Castello della Manta is a castle at Manta near Saluzzo, Province of Cuneo, region of Piedmont, in northern Italy.

The original building, dating from the 12th century, was later enlarged and transformed into a noble residence by the Saluzzo della Manta family, margraves of Saluzzo.

Among the numerous rooms, the Baronial Hall (Salone Baronale) is notable for the fresco cycle decorating its walls, a rare masterpiece of Late Gothic painting in northern Italy. The work is attributed to the anonymous Master of Castello della Manta. The cycle, completed soon after 1420, portrays the Nove Prodi, the Nine Worthies with their Nine Female Heroines. The artist may have used as models  members of the House of the Margraves of Saluzzo.
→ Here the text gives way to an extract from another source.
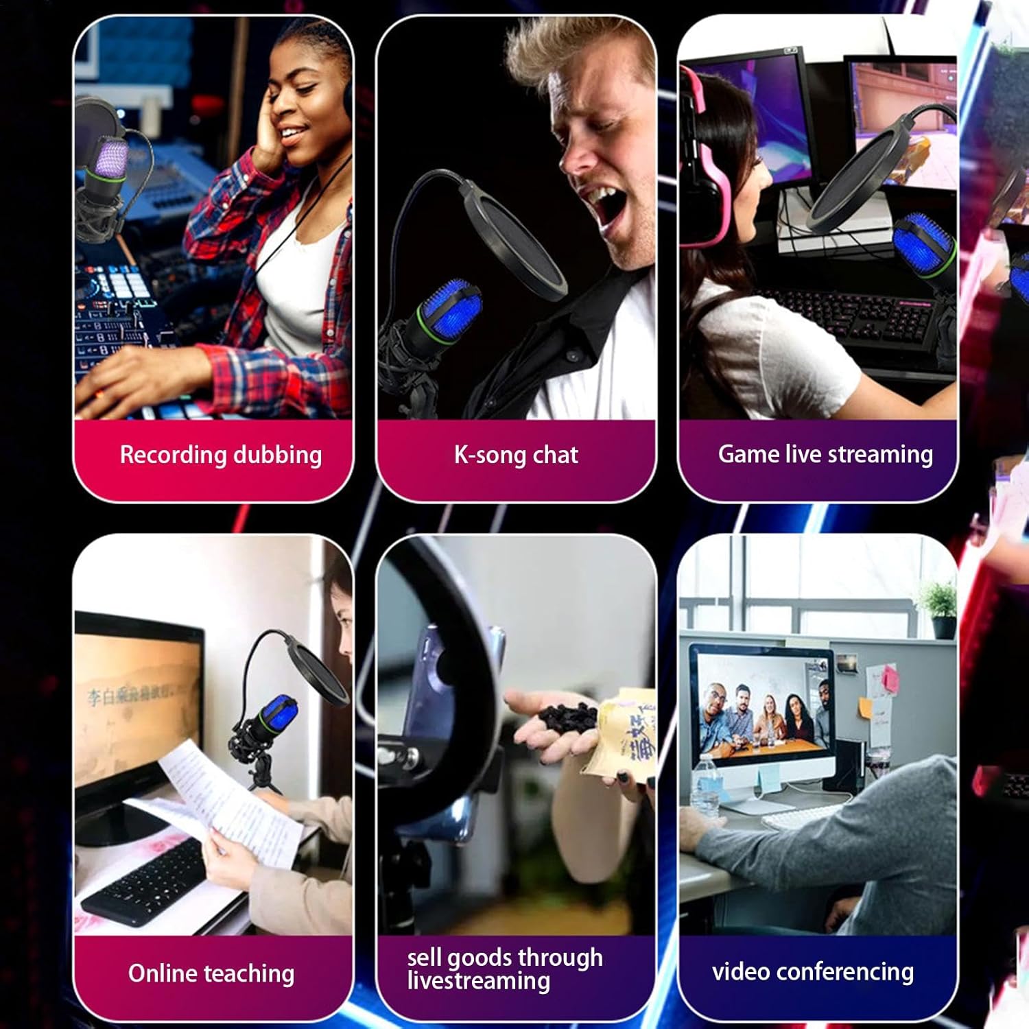 Una amplia gama de aplicaciones Este micrófono Podcast en vivo alcanza una claridad perfecta. Very best para grabación, karaoke, reducción de ruido, juegos, audio, videoconferencias y más. Mejore el profesionalismo con una función adecuada para diversos escenarios de transmisión en vivo.

The figures are shown  wearing precious contemporary clothing. Also depicted is  the so-called Fountain of Youth, a theme taken from the tradition of French medieval stories. The scene is inspired by the poem by Marquess Thomas III of Saluzzo, Le Chevalier Errant).

The Sala delle Grottesche was decorated in the Mannerist style of the 16th century, and was commissioned by Count Michele Antonio della Manta around 1560. It has a finely painted ceiling, decorated with stuccoes, grotesques, ancient ruins and buildings.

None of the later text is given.